Accordingly, it becomes unnecessary to control opening and closing of a valve, the operation of a pump, and the like in order to detect heat load and accordingly adjust the amount of refrigerant liquid to be supplied. As a result, it becomes possible to securely prevent failure of the refrigerant liquid driving section 130 (pump) caused by dry running or occurrence of cavitation due to exhaustion of the refrigerant liquid, without making the control complicated. That is to say, according to the phase-change cooling apparatus 100 of the present example embodiment, even employing a configuration in which refrigerant liquid is circulated using a drive source, the reliability of the apparatus can be increased without making the control complicated.

The refrigerant pooling section 170 can be located lower than the first connecting point 181. This enables excess refrigerant liquid, which is refrigerant liquid included in the vapor-liquid two-phase refrigerant within the first piping section 140, to move to the refrigerant pooling section 170 through the fourth piping section 180 by the action of gravity. As a result, it becomes possible to prevent it that the condensation of the refrigerant vapor is hindered by mixture of the excess refrigerant liquid into the condenser 120, and that the performance of the condenser 120 decreases accordingly.

The refrigerant pooling section 170 can be located higher than the refrigerant liquid driving section 130. In that case, the refrigerant pooling section 170 can be located away from a pump constituting the refrigerant liquid driving section 130 by a distance that enables provision of a suction pressure in normal operation of the pump. This makes it possible to secure Net Positive Suction Head (NPSH) for the pump and accordingly avoid a decrease in the efficiency of the pump due to the cavitation.
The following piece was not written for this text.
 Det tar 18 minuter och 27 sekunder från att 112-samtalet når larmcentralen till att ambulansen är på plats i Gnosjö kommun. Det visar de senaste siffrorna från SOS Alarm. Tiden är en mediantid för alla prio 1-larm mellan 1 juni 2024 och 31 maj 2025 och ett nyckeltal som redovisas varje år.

In addition, the condenser 120 can be located higher than the evaporator 110, and the first connecting point 181 can be located higher than the evaporator 110 and lower than the condenser 120. This makes it easy for the refrigerant vapor within the first piping section 140 to move to the condenser 120 by buoyancy. On the other hand, the excess refrigerant liquid that is the refrigerant liquid included in the vapor-liquid two-phase refrigerant is prevented from moving to the condenser 120 by the action of gravity, and easily moves to the refrigerant pooling section 170 through the fourth piping section 180. As a result, a circulating flow of the refrigerant in the phase-change cooling apparatus 100 becomes smooth; accordingly, the cooling performance can be improved.

Next, the configurations of the phase-change cooling apparatus 100 according to the present example embodiment will be described further in detail using FIG. 2 and FIG. 3. FIG. 2 and FIG. 3 are schematic views for explaining the configurations of the phase-change cooling apparatus 100 according to the present example embodiment.
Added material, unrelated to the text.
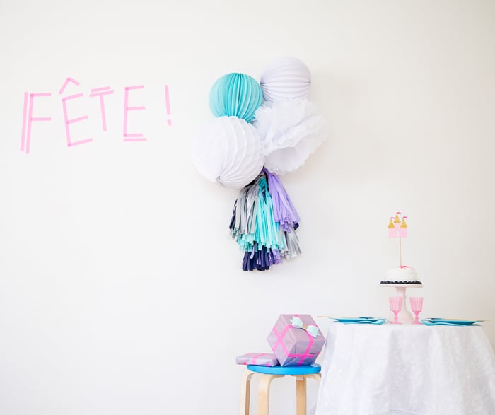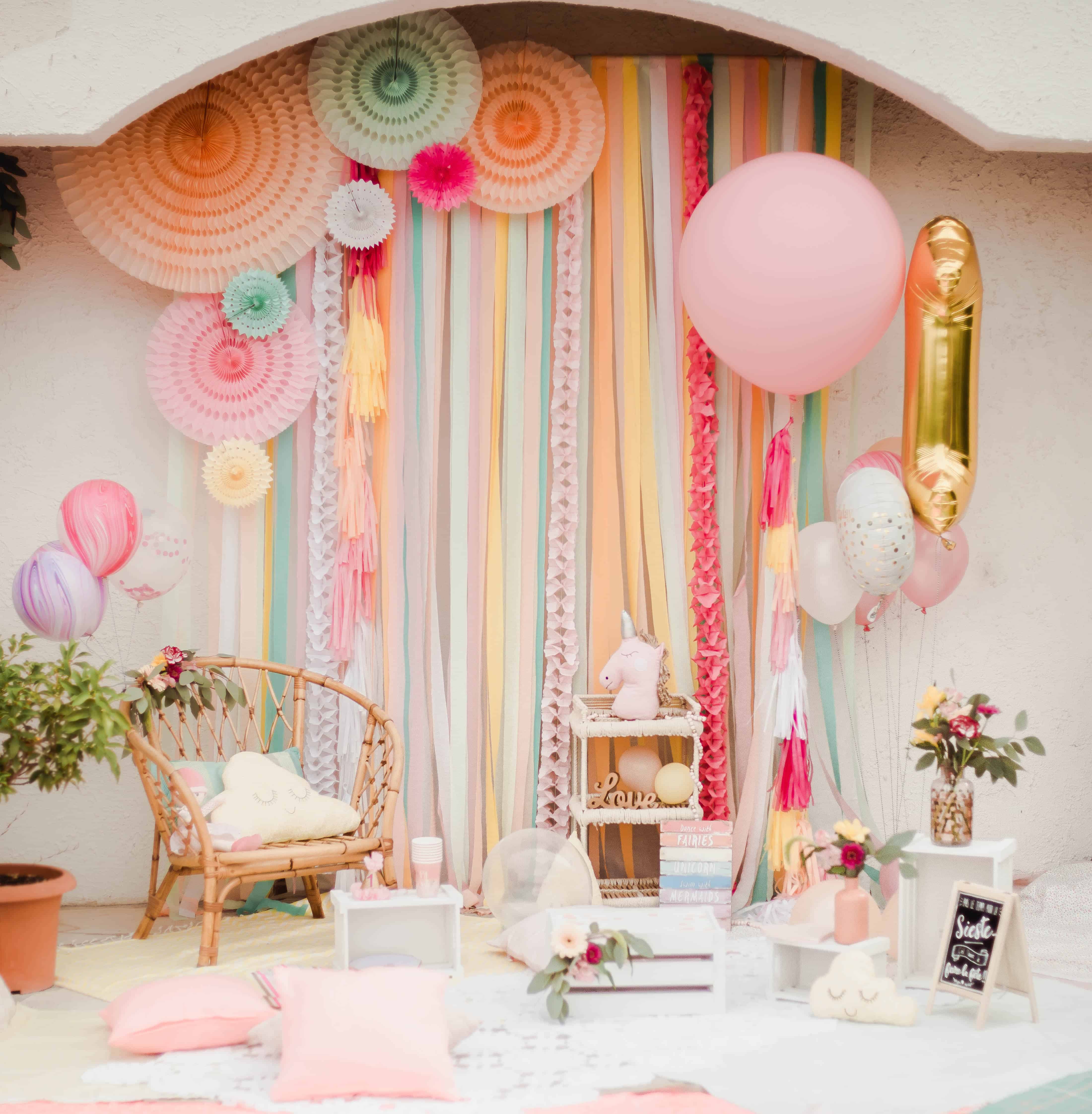 Suspendez guirlandes, rosaces, ballons pour que votre princesse et ses amis soient transportés au pays imaginaire!

As shown in FIG. 2, the phase-change cooling apparatus 100 according to the present example embodiment can be configured such that a first horizontal piping distance HD1 is shorter than a second horizontal piping distance HD2. Here, the first horizontal piping distance HD1 is a horizontal distance of a connecting location 141, where the first piping section 140 is connected to the evaporator 110, to the second connecting point 182. The second horizontal piping distance HD2 is a horizontal distance of a connecting location 142, where the first piping section 140 is connected to the condenser 120, to the second connecting point 182.

As shown in FIG. 3, the phase-change cooling apparatus 100 according to the present example embodiment can also be configured such that a first vertical piping distance VD1 is shorter than a second vertical piping distance VD2. Here, the first vertical piping distance VD1 is a vertical distance between the first connecting point 181 and the second connecting point 182. The second vertical piping distance VD2 is a vertical distance of the connecting location 142, where the first piping section 140 is connected to the condenser 120, to the first connecting point 181.

Those configurations enable the length of the above-mentioned first flow path to be reduced. That is to say, it is possible to reduce the length of the first flow path through which the refrigerant liquid supplied from the refrigerant liquid driving section 130 to the heat receiving unit 110 flows into the refrigerant pooling section 170 passing through the first piping section 140 and the fourth piping section 180, and flows back to the evaporator 110 again by the refrigerant liquid driving section 130. As a result, it becomes possible to further reduce the amount of the refrigerant liquid with which the phase-change cooling apparatus 100 is filled and accordingly achieve further cost reduction.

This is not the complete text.